> **DIRECTIONS**
Using the entries that follow, transcribe only the lines from the line with "26. Small-Gain Nash: Certified" to the line with "Spring and summer", both included, exactly as they stand and without pictures.

> **DATA EXTRACTS**
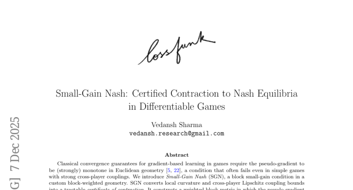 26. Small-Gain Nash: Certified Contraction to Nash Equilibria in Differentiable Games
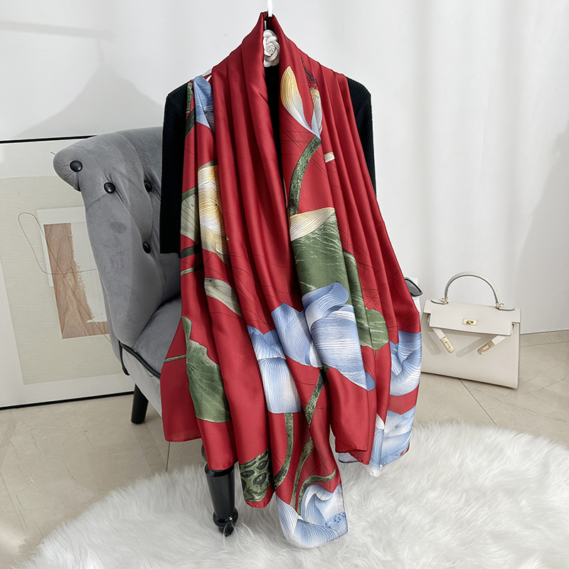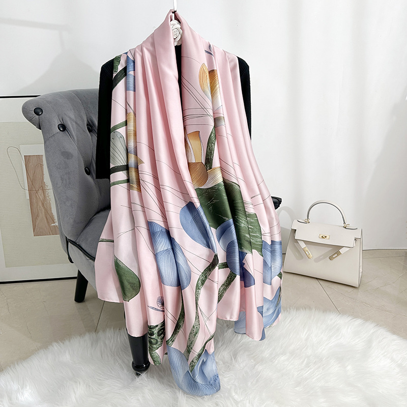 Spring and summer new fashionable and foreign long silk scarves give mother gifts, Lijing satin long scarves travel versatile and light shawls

* * *

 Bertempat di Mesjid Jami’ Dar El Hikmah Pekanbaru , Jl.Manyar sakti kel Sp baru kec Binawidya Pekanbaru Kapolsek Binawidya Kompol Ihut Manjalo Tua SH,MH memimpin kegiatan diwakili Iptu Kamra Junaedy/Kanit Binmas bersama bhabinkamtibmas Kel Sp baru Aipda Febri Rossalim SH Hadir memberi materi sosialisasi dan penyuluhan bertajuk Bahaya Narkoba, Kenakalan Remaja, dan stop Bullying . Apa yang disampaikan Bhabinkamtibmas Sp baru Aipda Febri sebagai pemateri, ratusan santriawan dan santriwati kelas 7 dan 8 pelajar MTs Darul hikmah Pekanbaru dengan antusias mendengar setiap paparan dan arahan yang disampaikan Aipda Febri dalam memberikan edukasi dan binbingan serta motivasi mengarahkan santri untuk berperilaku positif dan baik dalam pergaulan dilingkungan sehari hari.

> **ANSWER SECTION**
 26. Small-Gain Nash: Certified Contraction to Nash Equilibria in Differentiable Games
 Spring and summer new fashionable and foreign long silk scarves give mother gifts, Lijing satin long scarves travel versatile and light shawls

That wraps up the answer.